Brief: What you return must be exactly the lines from the beginning of the material through the line containing "Personenbezogene Daten auf", both included, and no pictures.

——

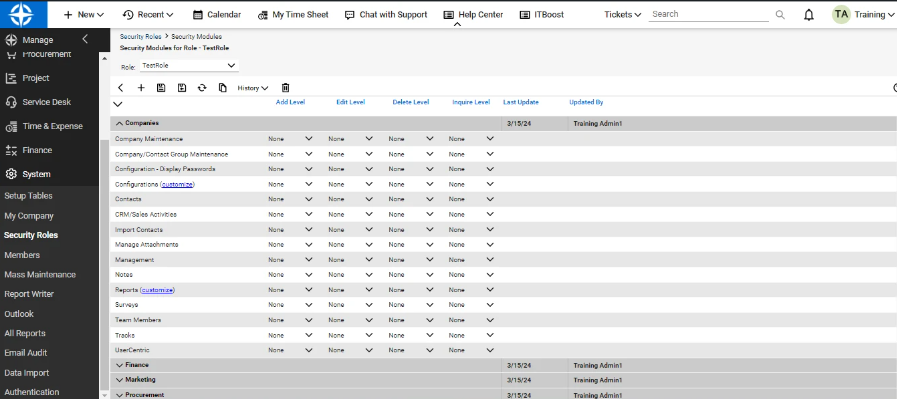 Service Desk > Service Tickets - Finance > Add, Edit, Inquire
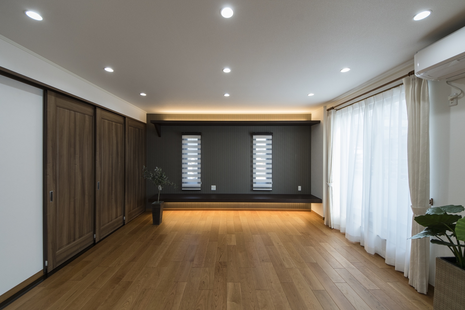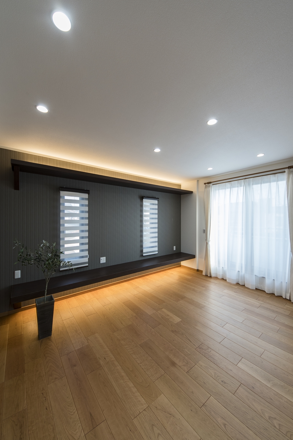 2Fリビング(子世帯)/TVボードと間接照明を施した、見た目も機能美も充実した上質な空間のリビング。
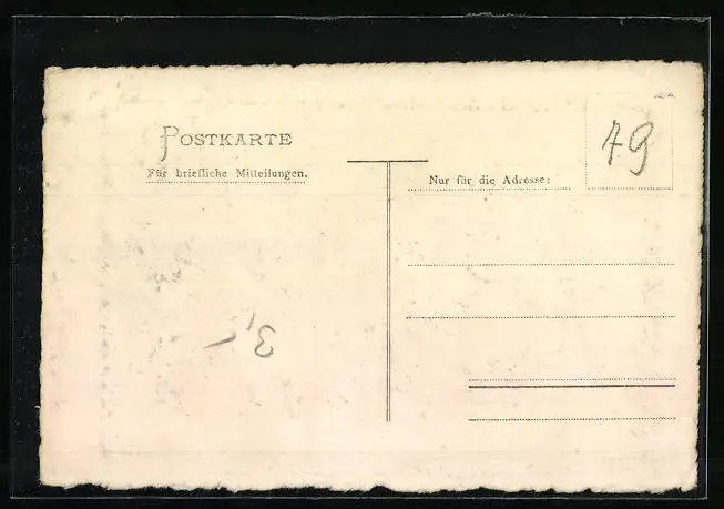 Personenbezogene Daten auf der Rückseite der Karte wurden durch blauen Textmarker unkenntlich gemacht. Die blauen Stellen sind auf die Vorderseite durchgeweicht und wirken sich negativ auf das Postkartenfoto aus
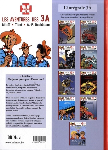 Toujours prêts pour l'aventure ! La série "Les 3A", signée Mittel, Tibet et Duchéteau, fait partie de ces séries incontournables qui ont marqué l'histoire du Journal Tintin. bans les années 1960, les enquêtes de ces trois jeunes scouts de France : - André, le sportif fonceur, Alain, l'intellectuel et Aldebert, le jeune paresseux et contestataire - se classent dans le top-5 des référendums annuels du Journal Tintin. Tibet, Duchâteau et Mittéï, la fine équipe des premiers albums de Ric Hochet, plongent une bande de copains au coeur d'intrigues policières, spécialité de ce grand scénariste qu'est André-Paul Duchâteau.
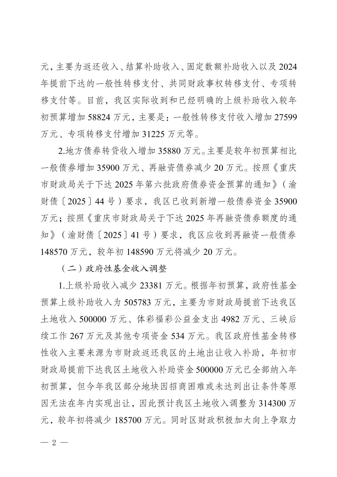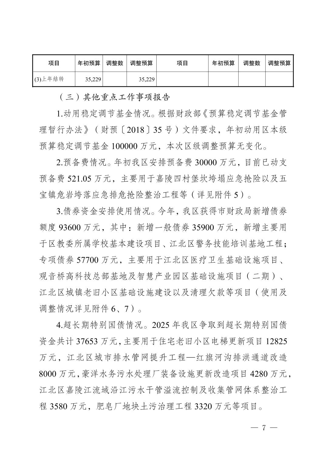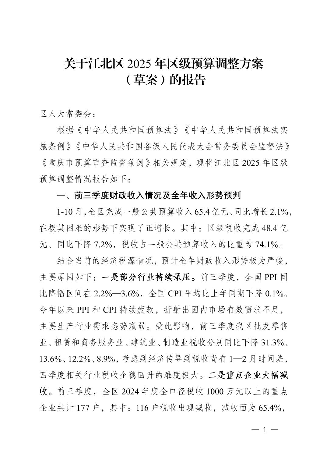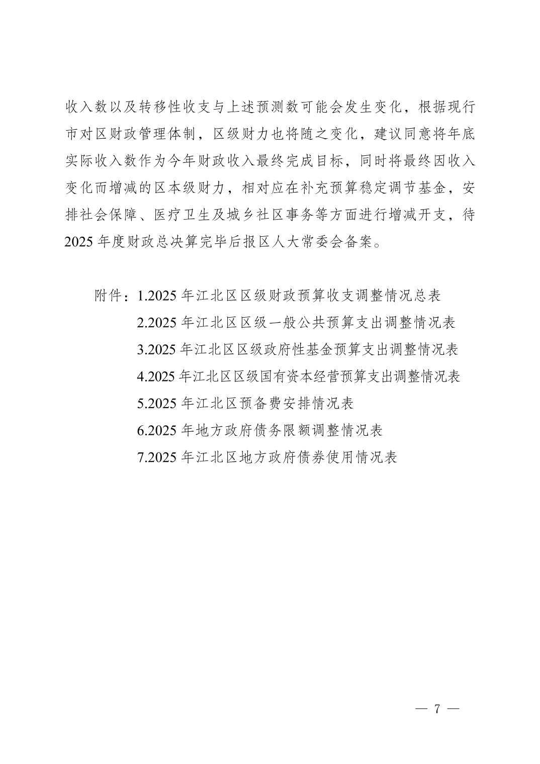 关于江北区2025年区级预算调整方案的报告
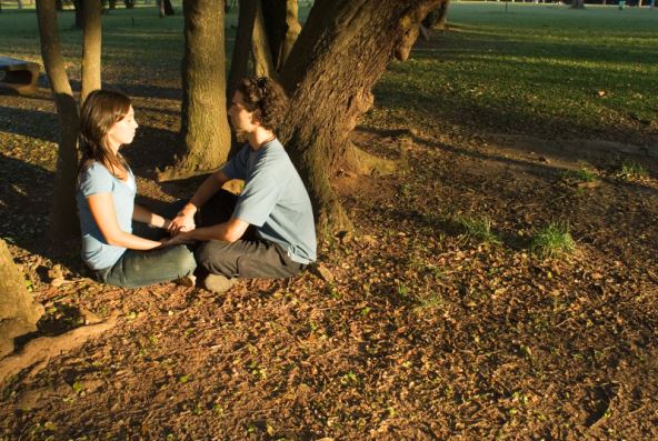 Sjednite u turski sjed, jedno ispred drugog, i stavite ruke na koljena. Zatvorite oči i duboko dišite koncentrirajući se na dah 2-4 minute. Otvorite oči, žena neka okrene dlanove prema gore, a muškarac neka stavi svoje dlanove na njezine. Ponovno duboko dišite spojenih dlanova i gledajte se u oči. Bitno je da ste u sadašnjosti i fokusirani jedno na drugo, misli vam ne smiju lutati. Tako dišite 5 minuta. U pozadini može svirati lagana opuštajuća muzika. Zatim, i dalje se gledajući u oči, duboko udahnite i s izdahom pjevajte „om“ devet puta. Dok se gledate u oči, budite svjesni da ste utjelovljenje božanskih principa muške i ženske energije.
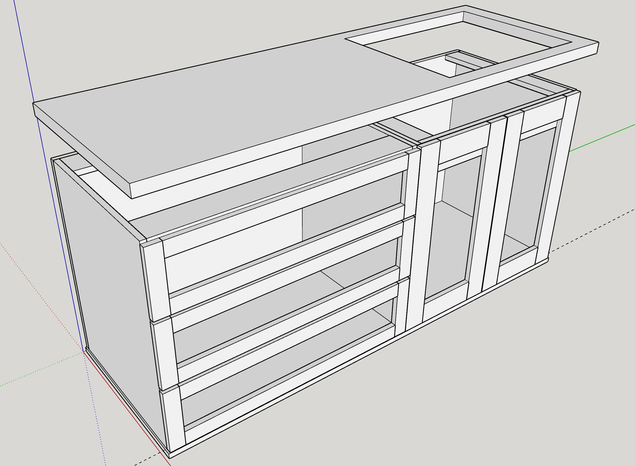 Nachdem die Überdachung für den BBQ-Platz fertiggestellt war, fehlte nur noch eins: Eine Lösung zum Kochen und zum Verstauen des gesamten Grillzubehörs. Kurzerhand habe ich einen neuen Schrank in SketchUp konstruiert.

——

Result of the task:
 Service Desk > Service Tickets - Finance > Add, Edit, Inquire
 2Fリビング(子世帯)/TVボードと間接照明を施した、見た目も機能美も充実した上質な空間のリビング。
 Personenbezogene Daten auf der Rückseite der Karte wurden durch blauen Textmarker unkenntlich gemacht. Die blauen Stellen sind auf die Vorderseite durchgeweicht und wirken sich negativ auf das Postkartenfoto aus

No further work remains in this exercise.